Most likely would be that the M1X, if it comes out, will likely use higher channel LPDDR4X. It really depends if Apple thinks it'll be enough to beat the performance level of the models they are replacing with the M1X, for them to claim 2-3x performance increases, especially in the GPU department.

I think that the main reason why we don't see LPDDR5 in Apple products yet is because the supply is still very limited. The controller itself probably supports it. I believe there is some hope that we will see LPDDR5 in higher-end, lower volume Macs.

JMacHack · Feb 23, 2021

ArPe said:
HUrRY uP IwAnT 16 inCh M2 nOW!!

This but unironically, it’s like being blueballed.
Also, the posts in this thread seem to point to Apple’s gpu being on-par with the traditional players, except in memory bandwidth, where ddr and lpddr won’t provide as much.

so what’s more likely, that Apple’s preserves the UMA and uses the same RAM for the cpu and gpu or goes back to a traditional RAM arrangement for their higher end machines?

Joe The Dragon · Feb 23, 2021

quarkysg said:
I would think with Apple's experience with high performance system (i.e. Mac Pros, xServes, etc) their internal fabric would be designed to handle really high bandwidth. Like you said, Apple's pocket is deep enough to go really wild as far as SoC design is concerned.

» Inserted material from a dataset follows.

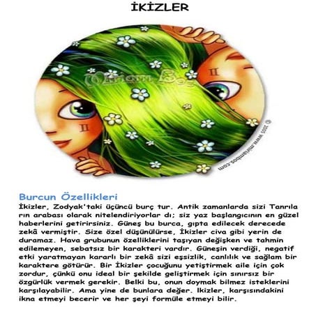 İkizler burcundan doğan bir kadının karakter özelliklerini aşağıda görebilirsiniz.

Wow! I suspect tho. that what you saw probably are calculations performed wholely using the SoC's cache? FP32 are 32-bits long. Completing 2.6 TFLOPS with each data item 32-bits long means we need 10TB/s of bandwidth in steady state, not withstanding the other processing cores' need for memory bandwidth. I'm sure my calculation is over simplifying the scenario but I somehow think that simply doubling the bandwidth will double the M1's 8 GPU core's performance in real world use.

I think you'll be right in that most likely they'll go with multi channel DDR5. I still can't reconcile how Apple will implement it for the iMacs and Mac Pros tho. Using soldered memory in notebooks may be fine, but I don't think Apple would want to manufacture a bunch of iMacs and Mac Pros with soldered memory and find themselves stuck with unmovable inventories. It'll be interesting to see how Apple is going to address this.

Also, I'm not sure if there are designs where the internal fabric are designed to connect to two types of memory controllers (i.e. HBM2 and DDR5/LPDDR4X). If possible, the fixed HBM2 memory will be used for the GPUs, while the slower DDR5/LPDDR4X could be via DIMM slots for the Mac Pros and iMacs, maybe even the 16" MBP. The drivers will have the smarts to delineate the memory regions for various processing cores' use. If anyone can do it, it'll probably be Apple.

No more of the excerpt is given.